▶ [Data extract]:
—————
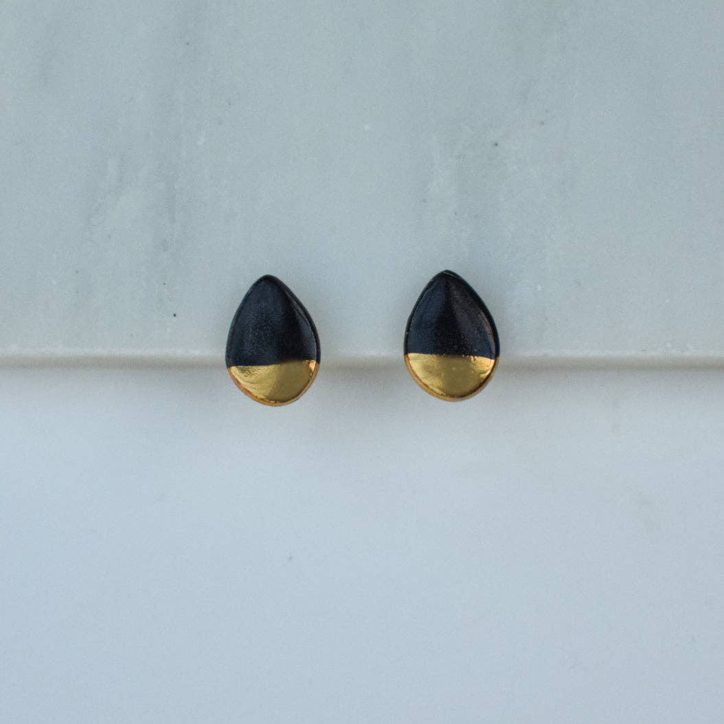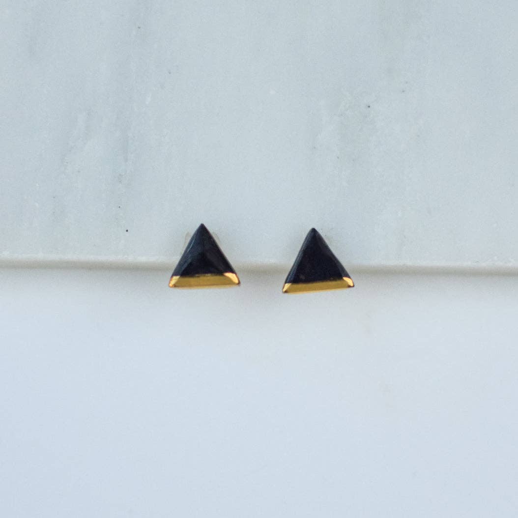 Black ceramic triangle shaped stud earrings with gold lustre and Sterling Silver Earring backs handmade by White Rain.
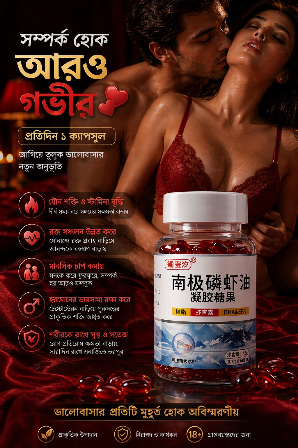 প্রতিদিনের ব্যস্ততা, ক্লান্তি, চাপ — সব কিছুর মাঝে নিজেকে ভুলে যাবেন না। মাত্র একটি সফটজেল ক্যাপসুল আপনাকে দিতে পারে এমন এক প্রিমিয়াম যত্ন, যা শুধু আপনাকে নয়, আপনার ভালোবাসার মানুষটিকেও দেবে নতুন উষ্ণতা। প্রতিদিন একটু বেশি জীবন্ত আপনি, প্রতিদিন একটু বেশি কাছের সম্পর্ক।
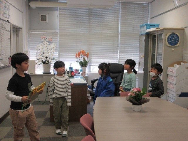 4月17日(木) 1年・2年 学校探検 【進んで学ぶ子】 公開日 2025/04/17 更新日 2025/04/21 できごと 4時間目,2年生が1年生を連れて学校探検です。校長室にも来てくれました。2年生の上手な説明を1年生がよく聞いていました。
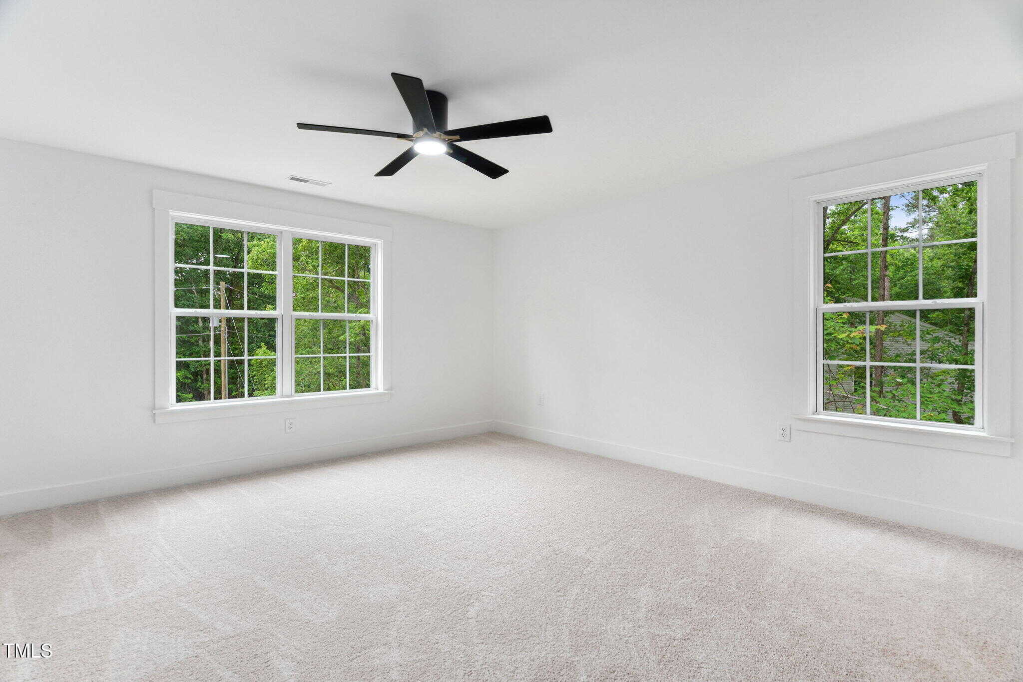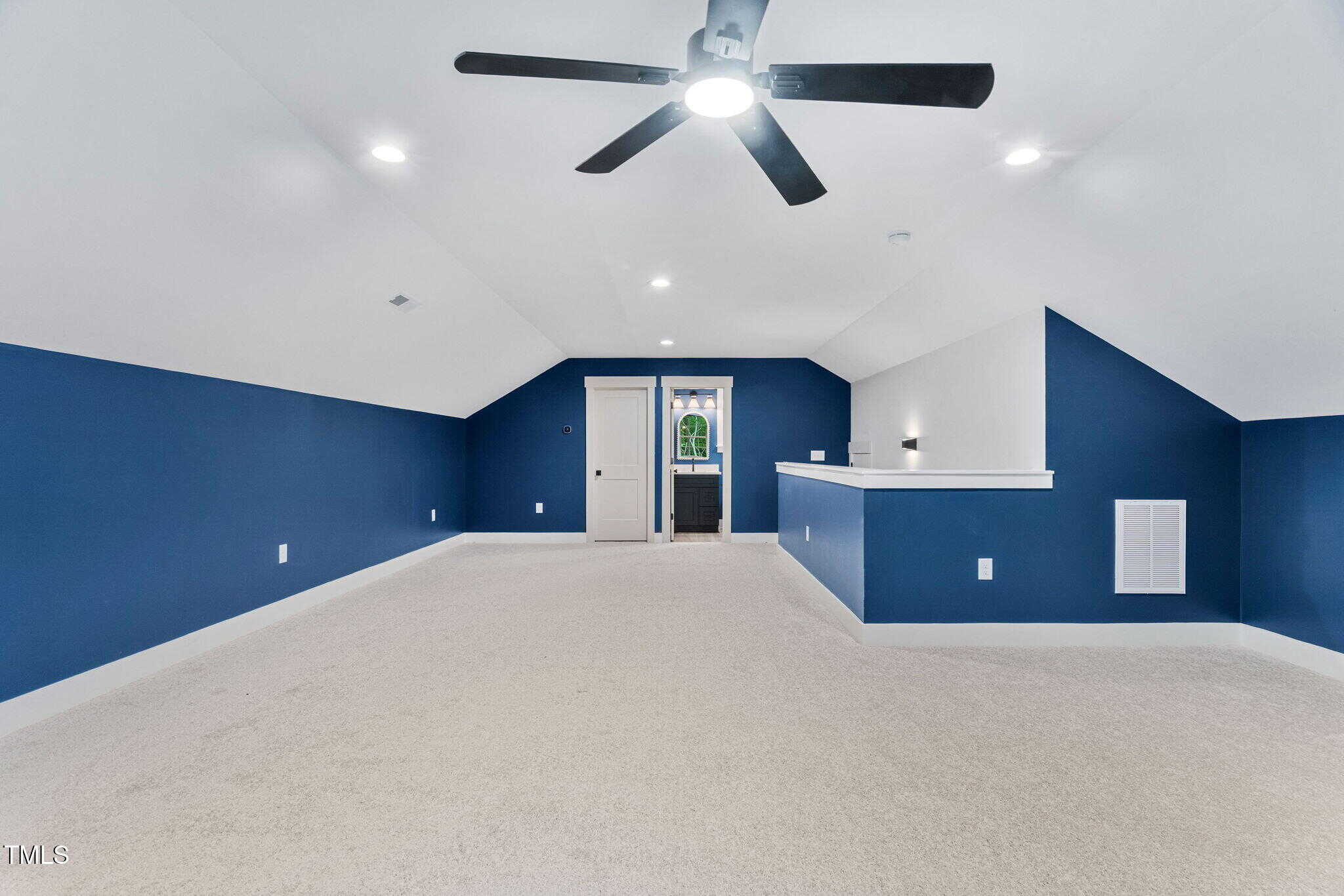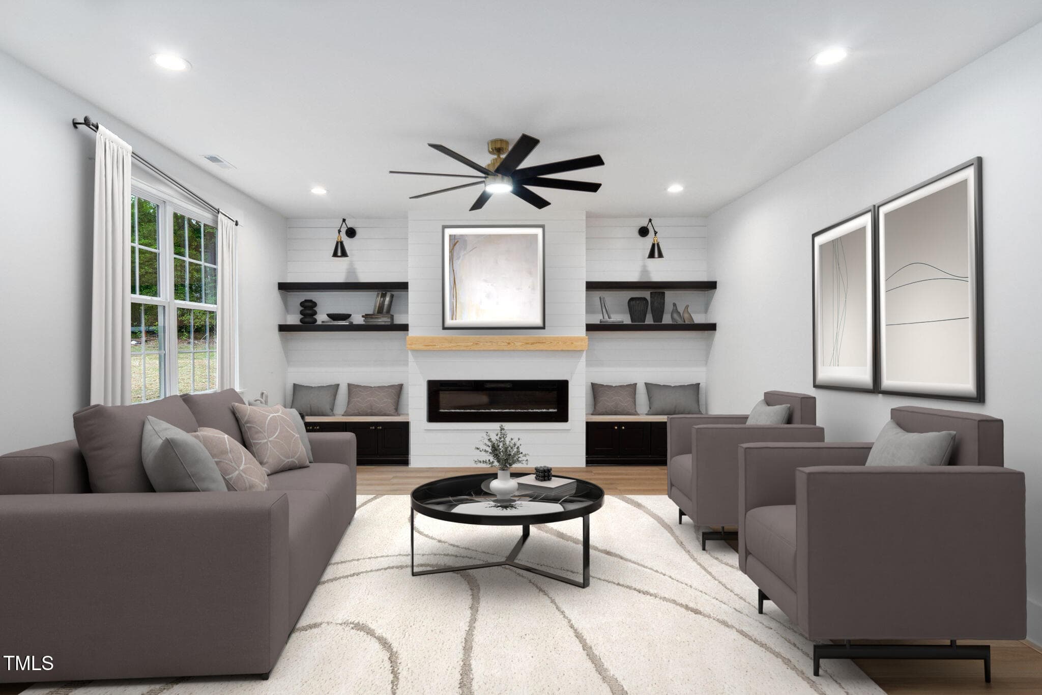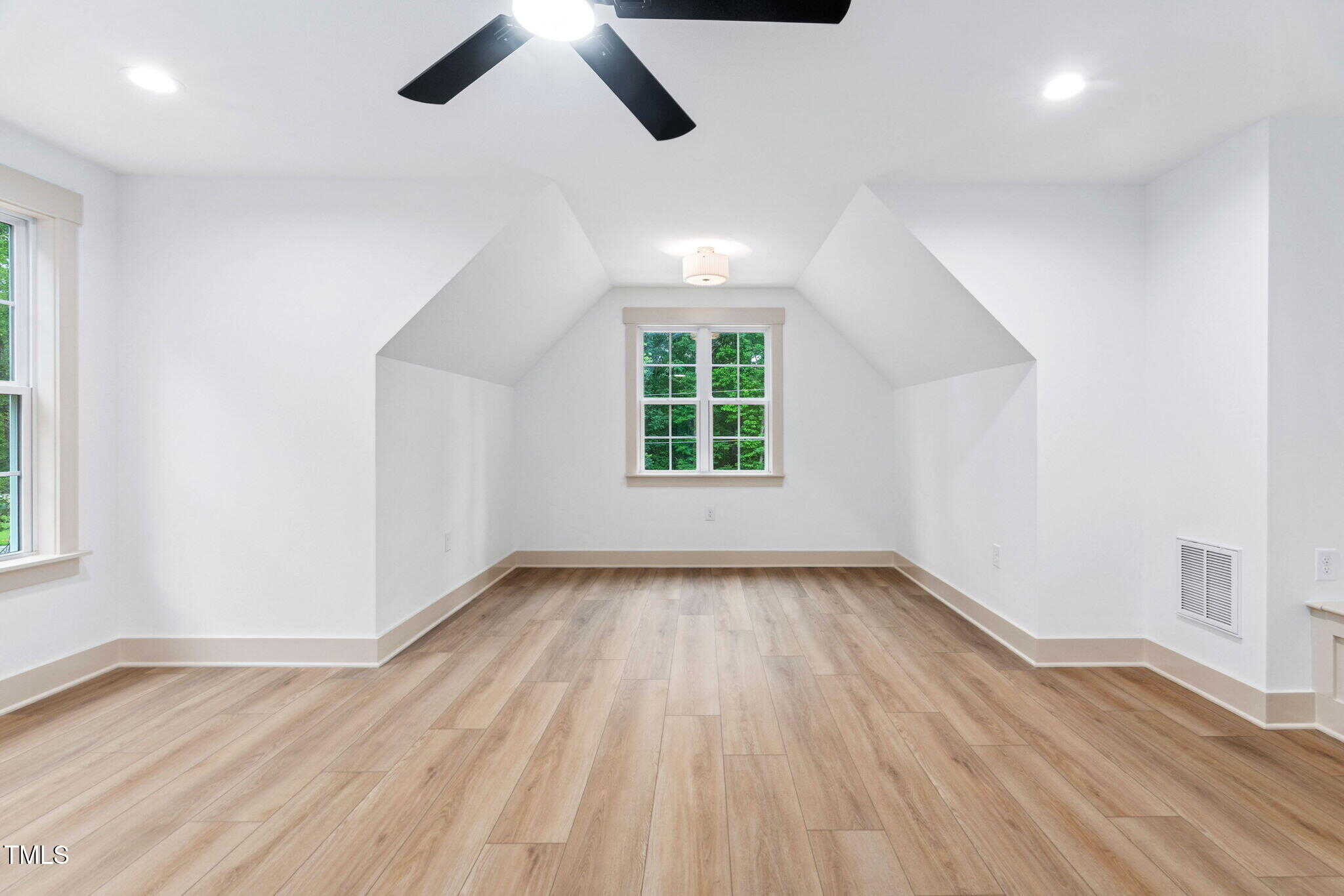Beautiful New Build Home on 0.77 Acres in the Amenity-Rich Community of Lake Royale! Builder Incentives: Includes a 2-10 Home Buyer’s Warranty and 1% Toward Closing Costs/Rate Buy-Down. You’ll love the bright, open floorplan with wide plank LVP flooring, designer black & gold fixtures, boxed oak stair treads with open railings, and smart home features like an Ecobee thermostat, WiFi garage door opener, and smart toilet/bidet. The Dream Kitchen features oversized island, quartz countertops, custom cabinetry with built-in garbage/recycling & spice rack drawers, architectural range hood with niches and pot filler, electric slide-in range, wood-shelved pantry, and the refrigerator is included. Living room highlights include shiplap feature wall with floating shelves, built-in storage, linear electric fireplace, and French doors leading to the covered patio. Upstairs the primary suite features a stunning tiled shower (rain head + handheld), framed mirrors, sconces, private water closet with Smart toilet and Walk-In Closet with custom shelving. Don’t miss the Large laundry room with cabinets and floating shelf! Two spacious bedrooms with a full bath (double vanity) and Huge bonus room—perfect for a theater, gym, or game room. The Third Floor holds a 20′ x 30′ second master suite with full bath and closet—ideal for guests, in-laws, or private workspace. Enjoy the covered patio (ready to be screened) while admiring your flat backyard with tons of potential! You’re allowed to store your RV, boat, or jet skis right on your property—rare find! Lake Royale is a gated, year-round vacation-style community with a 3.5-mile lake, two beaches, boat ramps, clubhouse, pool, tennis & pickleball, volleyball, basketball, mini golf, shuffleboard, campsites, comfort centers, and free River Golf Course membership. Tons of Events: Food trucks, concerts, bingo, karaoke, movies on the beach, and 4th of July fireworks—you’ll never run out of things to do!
—————
▶ [What you will do]:
For the data above, set down exactly the lines from the line with "প্রতিদিনের ব্যস্ততা, ক্লান্তি, চাপ" to the line with "4月17日(木) 1年・2年 学校探検", both included, leaving pictures out.

▶ [Answer space]:
 প্রতিদিনের ব্যস্ততা, ক্লান্তি, চাপ — সব কিছুর মাঝে নিজেকে ভুলে যাবেন না। মাত্র একটি সফটজেল ক্যাপসুল আপনাকে দিতে পারে এমন এক প্রিমিয়াম যত্ন, যা শুধু আপনাকে নয়, আপনার ভালোবাসার মানুষটিকেও দেবে নতুন উষ্ণতা। প্রতিদিন একটু বেশি জীবন্ত আপনি, প্রতিদিন একটু বেশি কাছের সম্পর্ক।
 4月17日(木) 1年・2年 学校探検 【進んで学ぶ子】 公開日 2025/04/17 更新日 2025/04/21 できごと 4時間目,2年生が1年生を連れて学校探検です。校長室にも来てくれました。2年生の上手な説明を1年生がよく聞いていました。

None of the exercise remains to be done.